[exec]

What is the mass of potassium hydroxide, KOH that must be added to 250.0cm³ of 0.10moldm^-3 hydrofluoric acid, HF in order to obtain a solution with pH of 3.3?
[Relative atomic mass, H = 1; O = 16; K = 39; Ka HF = 6.8 x 10^-4]


Attempt of solution:

The objective is to find "At what concentration of HF would the solution be of pH 3.3?"
Using the relation Kac = [H⁺]², and [H⁺] = 10^-3.3, the desired concentration is c = (10^-3.3)² / 6.8 x 10^-4 = 3.7 x 10^-4 moldm^-3.
Initial concentration = 0.10 moldm^-3, thus the reduction in concentration is 0.10 - 3.7 x 10^-4 = 9.96 x 10^-2 moldm^-3.
The number of mole in such concentration is (9.96 x 10^-2) x 0.25dm³ = 2.49 x 10^-2 mol.
Since KOH --> K+ + OH-, and HF <---> H+ + F-, the amount of substance is 1:1 so that the number of mole of KOH required is also 2.49 x 10^-2 mol.
Thus, the mass of KOH required is (2.49 x 10^-2) x (1+16+39) = 1.39g.

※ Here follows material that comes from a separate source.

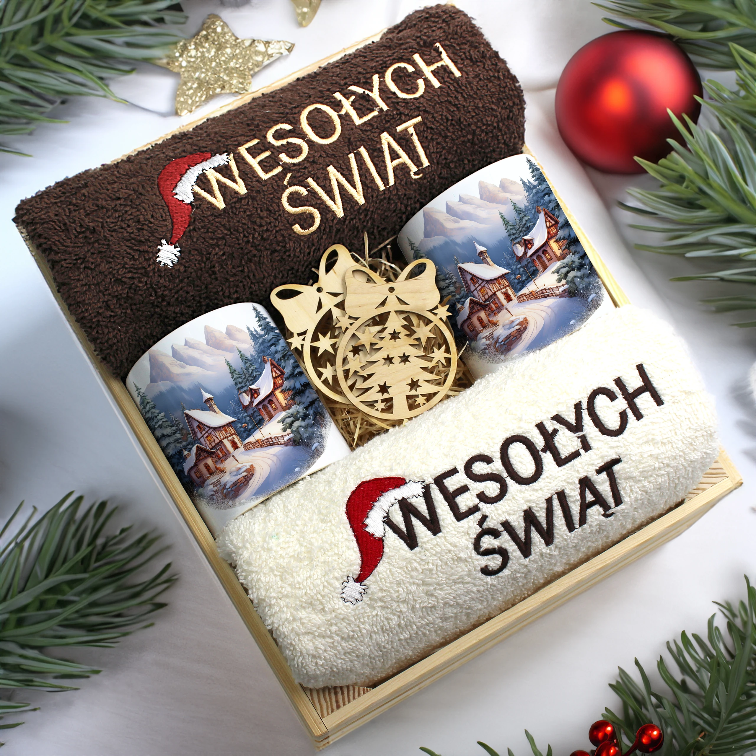 Każdy zestaw ręczników wraz z kubkami jest zapakowany w folię - celofan - zestaw tworzy gotowy prezent do podarowania bez potrzeby dalszego pakowania.
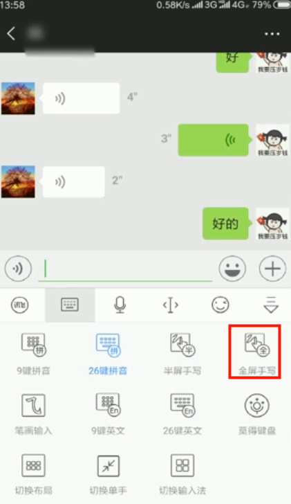 - 1方式一:合用手写输入,打开手机微信,点击聊天“对话框”,再点击输入法中的“切换输入体例”按钮。

Anyway, I've got the wrong answer, please help me... 

[Borek]

Solution contains both acid and conjugated base. Does it sound a bell?

[exec]

err.... unfortunately no...

HF <---> H+  +  F-     and         KOH ----> K+   +   OH-

Then...?

[enahs]

Look at buffer solutions and Henderson-Hasselbalch equations.

[vhpk]

No, it can't make KF but KHF₂, can't dissolve like that